Olivia was sure that the dean was the one interceding on the University’s behalf because she was an expert on Elvish culture. The woman, however, ignored Olivia and the Wyverns and tried to interact solely with Forest Moss. The dean spoke rapid fire High Elvish, which Olivia didn’t understand. Forest Moss stared at the woman, confusion growing on his face.
All her life Olivia had people tell her to shut up and stay invisible. Her mother had told her “be a little ghost” until Olivia cut eyeholes in a bed sheet and wore it around the house, moaning. Her experience last night at The O and later with the janitor had taught her that the male elves all expected her to lead. It was at once frightening and intoxicating. It made sense why Forest Moss deferred to her, but why the Wyverns? Were they waiting for her to make a mistake so huge that they could rightfully kill her for it? Certainly that level of pettiness was what she’d learn to expect from “holy” people.

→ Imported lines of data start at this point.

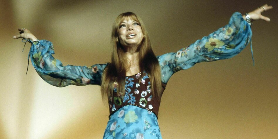 IMG Bild: Ein Kleid, blau wie der blaue Planet: Katja Ebstein bei einem Fernsehauftritt in den 70ern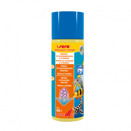 Sera Phosvec Clear elimina de forma inmediata los enturbiamientos del acuario y reduce el exceso de fosfato, ayudando a mantener un agua cristalina y libre de algas.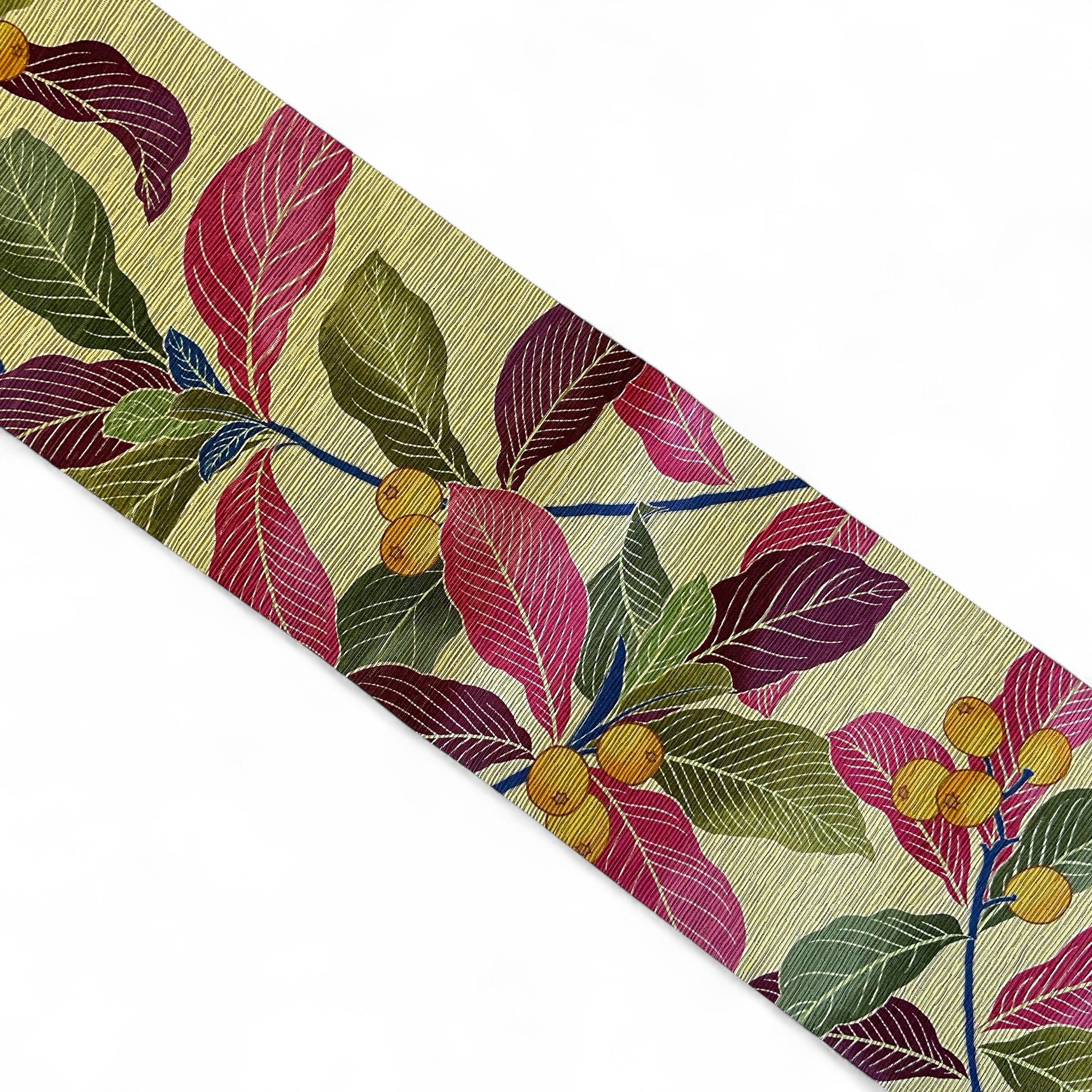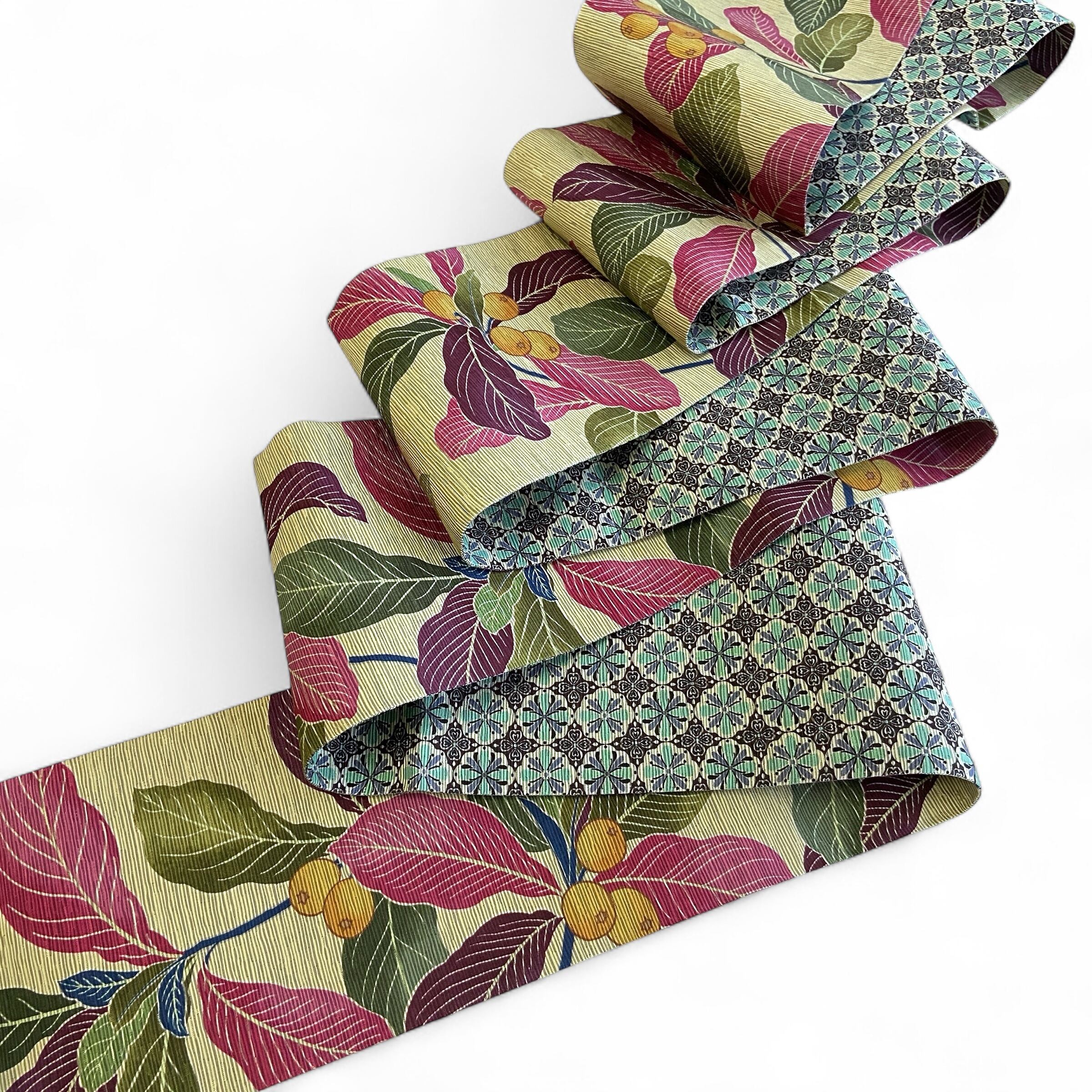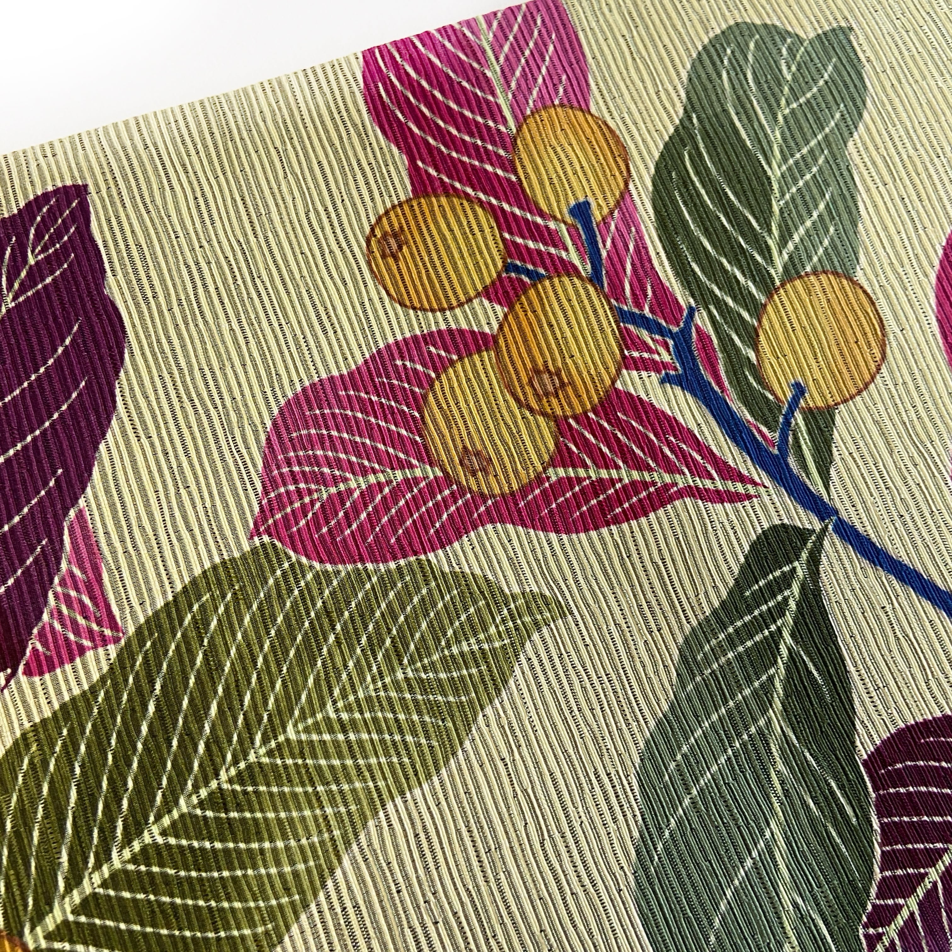 落ち着いたイエローベージュの地に、赤紫とグリーンの葉が印象的な配色。鮮やかな反対色の組み合わせながらも、深みのある大人のイメージです。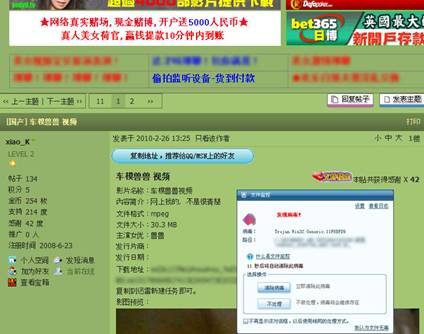 2010-02-26 15:11:04近日,“中國第一車模獸獸”爆出的不良視頻在網上大量傳播,已被黑客用來散布病毒。根據瑞星“云安全”系統的監測數據,很多用戶通過QQ 、MSN傳播的“獸獸視頻、獸獸視頻全集 .EXE ”含有病毒,或者本身就是病毒,還有的黑客會主動散播含毒的“獸獸視頻下載網址”,用戶中毒后會被竊取網游帳號、QQ 密碼等資料。預計受害網民已超過10萬。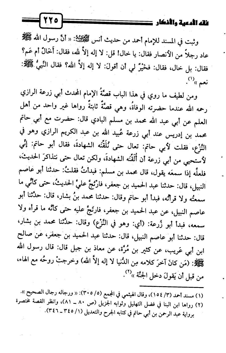 ومن لطيف ما روي في هذا الباب قصَّةُ الإمام المحدث أبي زرعة الرازي رحمه الله عندما حضرته الوفاةُ، وهي قصَّةٌ ثابتةٌ رواها غير واحد من أهل العلم عن أبي عبد الله محمد بن مسلم البادي قال: حضرت مع أبي حاتم محمد بن إدريس عند أبي زرعة عُبيد الله بن عبد الكريم الرازي وهو في النَّزْع، فقلت لأبي حاتم: تعال حتى نُلَقِّنَه الشهادةَ، فقال أبو حاتم: إنِّي لأستحيي من أبي زرعة أن أُلَقِّنَه الشهادةَ، ولكن تعال حتى نتذاكرَ الحديثَ، فلعلَّه إذا سمعَه يقول، قال محمد بن مسلم: فبدأتُ فقلتُ: حدثنا أبو عاصم النبيل، قال: حدثنا عبد الحميد بن جعفر، فارْتَجَّ عليَّ الحديثُ، حتى كأنِّي ما سمعتُه ولا قرأتُه، فبدأ أبو حاتم وقال: حدثنا محمد بنُ بشار، قال: حدَّثنا أبو عاصم النبيل، عن عبد الحميد بن جعفر، فارتَجَّ عليه حتى كأنَّه ما قرأه ولا سمعه، فبدأ أبو زُرعة: (أي: وهو في النَّزْع) وقال: حدَّثنا محمد بن بشار، قال: حدثنا أبو عاصم النبيل، قال: حدثنا عبد الحميد بن جعفر، عن صالح ابن أبي عَريب، عن كثير بن مُرَّة، عن معاذ بن جبل قال: قال رسول الله صلى الله عليه وسلم: "مَن كانَ آخرَ كلامه مِن الدُّنيا لا إله إلاَّ الله" وخرجتْ روحُه مع الهاء، من قبل أن يَقولَ دخل الجنَّة"2.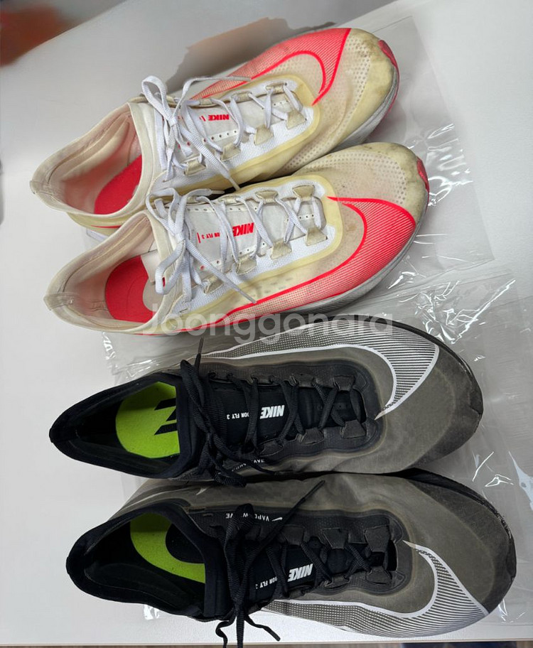 줌플라이3 블랙 (285) : 20,000 4년전에 군대에서 신고 안 신게 되어 팝니다. 줌플라이3 핑크 (280) : 10,000 블랙보다 약 1~2년 전에 사서 썼습니다. 카본플레이트 있어서 반발력 있는 런닝화 맛보기로 추천해요 박스x, 신발만o 반택 +2500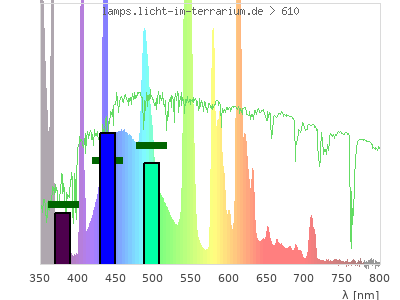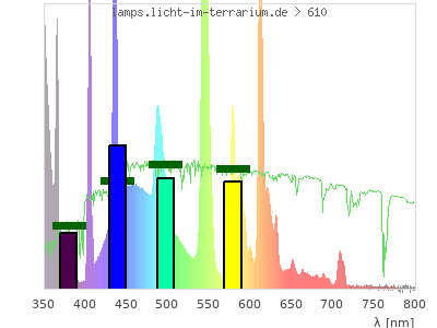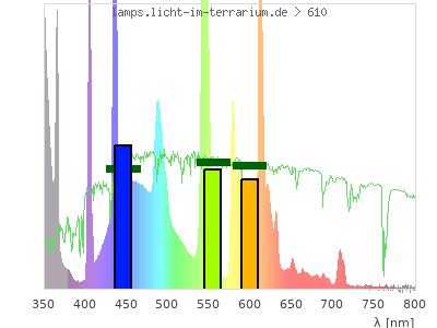 total ( 0 nm - 0 nm) 7380 µW/cm² = 73.8 W/m² UVC ( 0 nm - 280 nm) 401 µW/cm² = 4.01 W/m² non-terrestrial ( 0 nm - 290 nm) 405 µW/cm² = 4.05 W/m² total2 ( 250 nm - 880 nm) 6980 µW/cm² = 69.8 W/m² UVB (EU) ( 280 nm - 315 nm) 448 µW/cm² = 4.48 W/m² UVB (US) ( 280 nm - 320 nm) 752 µW/cm² = 7.52 W/m² UVA+B ( 280 nm - 380 nm) 2970 µW/cm² = 29.7 W/m² Solar UVB ( 290 nm - 315 nm) 445 µW/cm² = 4.45 W/m² UVA D3 regulating ( 315 nm - 335 nm) 1260 µW/cm² = 12.6 W/m² UVA (EU) ( 315 nm - 380 nm) 2520 µW/cm² = 25.2 W/m² UVA2 (medical definition) ( 320 nm - 340 nm) 1260 µW/cm² = 12.6 W/m² UVA (US) ( 320 nm - 380 nm) 2220 µW/cm² = 22.2 W/m² UVA1 (variant) ( 335 nm - 380 nm) 1270 µW/cm² = 12.7 W/m² UVA1 (medical) ( 340 nm - 400 nm) 986 µW/cm² = 9.86 W/m² vis. UVA ( 350 nm - 380 nm) 442 µW/cm² = 4.42 W/m² VIS Rep3 ( 350 nm - 600 nm) 3720 µW/cm² = 37.2 W/m² VIS Rep4 ( 350 nm - 700 nm) 4390 µW/cm² = 43.9 W/m² purple ( 380 nm - 420 nm) 281 µW/cm² = 2.81 W/m² VIS ( 380 nm - 780 nm) 4000 µW/cm² = 40 W/m² VIS2 ( 400 nm - 680 nm) 3900 µW/cm² = 39 W/m² PAR ( 400 nm - 700 nm) 3920 µW/cm² = 39.2 W/m² tmp ( 400 nm - 1100 nm) 3980 µW/cm² = 39.8 W/m² blue ( 420 nm - 490 nm) 1340 µW/cm² = 13.4 W/m² green ( 490 nm - 575 nm) 1330 µW/cm² = 13.3 W/m² yellow ( 575 nm - 585 nm) 181 µW/cm² = 1.81 W/m² orange ( 585 nm - 650 nm) 718 µW/cm² = 7.18 W/m² red ( 650 nm - 780 nm) 151 µW/cm² = 1.51 W/m² IRA ( 700 nm - 1400 nm) 61.3 µW/cm² = 0.613 W/m² IR2 ( 720 nm - 1100 nm) 16.9 µW/cm² = 0.169 W/m² IRB ( 1400 nm - 3000 nm) 0 µW/cm² = 0 W/m²

The dean carried on at length in High Elvish, which Olivia didn’t know.
“Oh, please, stop that,” Olivia finally snapped in Low Elvish.
The dean glanced at Olivia for the first time. “Forgiveness?”
“I’m Forest Moss’ domi. He doesn’t understand human customs and technology so you’re going to have to deal with me and I don’t speak High Elvish.”
The dean glanced at her forehead where Forest Moss had marked her with the dau. Her gaze dropped down, taking all of Olivia in. Her dismay was clear on her face. “How old are you? Do your parents know what you’re doing?”
Olivia couldn’t lie with the elves listening in so she ignored the question. “Our house collapsed. We need temporary shelter.”
The dean opened her mouth and then reconsidered whatever she was going to say and closed it. She studied Olivia for a silent minute. “Until the middle of June, I had no idea who Tinker was,” the dean said in English. “I’m told that she was quite well known with the hoverbike racing fans. The last two months has been an education on how much the elves hold that teenage girl in esteem. The entire tengu race has gone from hated enemies to trusted allies by her word alone. It is compelling evidence that any young inexperienced female who gains the position of domi can be a power to be reckoned with. That said, Tinker is domi for the head of the Wind Clan, deep in their territory. I believe it would be a mistake for you to assume that you wield similar level of command among the elves.”
“I assume nothing.” Olivia was very aware of her ignorance. “But it’s kind of rude to come busting into here, getting all high and mighty, when you haven’t even told me who you are.”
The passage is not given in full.